Back to Copilotkit

A2UI PDF Analyst

examples/showcases/a2ui-pdf-analyst/README.md

1.59.310.3 KB
Original Source

A2UI PDF Analyst

Chat with your PDF and watch the agent build the UI for each answer. Powered by A2UI v0.9 (Agent-to-UI) — the open protocol that lets an agent describe a surface as structured component operations your frontend renders against its own design system. Same chat input, two rendering strategies, one shared 21-component catalog.

https://github.com/user-attachments/assets/c053d2e8-1d40-43cb-8c5a-8e5c121b851f

Three routes:

  • /fixed — hand-authored JSON dashboard.

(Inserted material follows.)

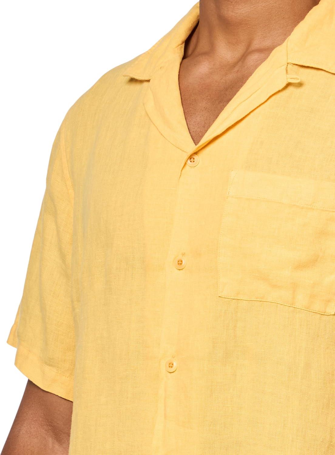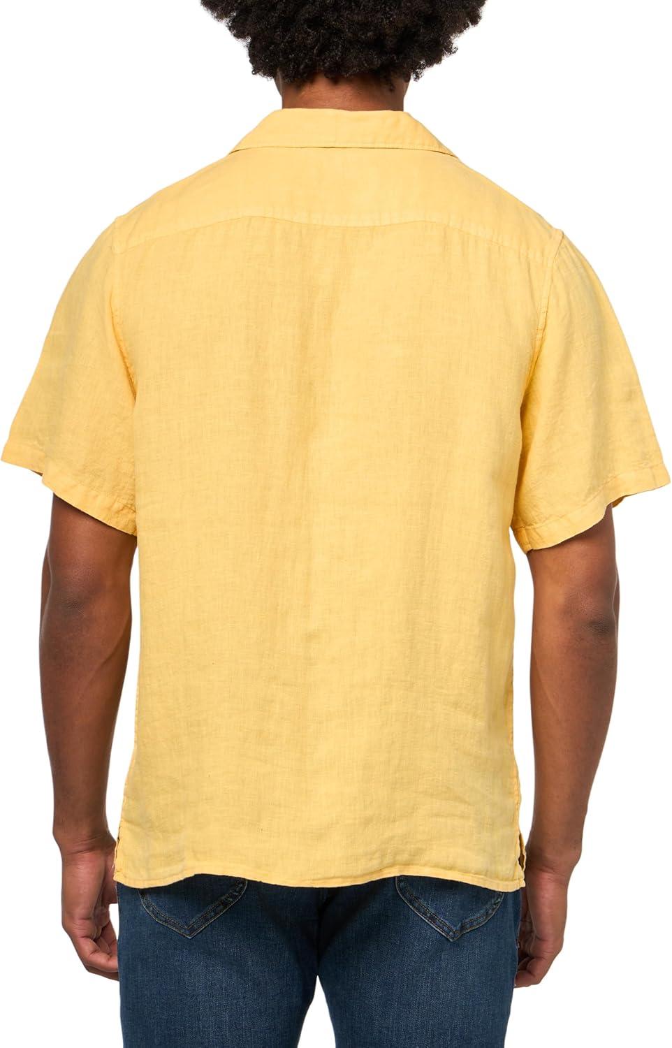 Lucky Brand Men’s Short Sleeve Linen Camp Collar Shirt(Ochre)

The agent only extracts the data (KPIs, trend, segment splits, table rows) and fills the slots. Predictable layout, brand-locked, single LLM call per turn. Best when the shape of the answer is known up front.
  • /dynamic — no pre-written layout. The agent reads the question, picks components from the catalog, and composes the surface on the fly. A net-income query lands as a single StatCard; a segment breakdown becomes a DonutChart; a research-paper summary composes Overline + Heading + Text + Callout + BulletList. Best when the right answer's form varies with the question.
  • /catalog — every component rendered live, filterable by group (Layout, Content, Data viz, Interactive). Doubles as a sanity check on the renderers and a reference for what the agent is allowed to draw from.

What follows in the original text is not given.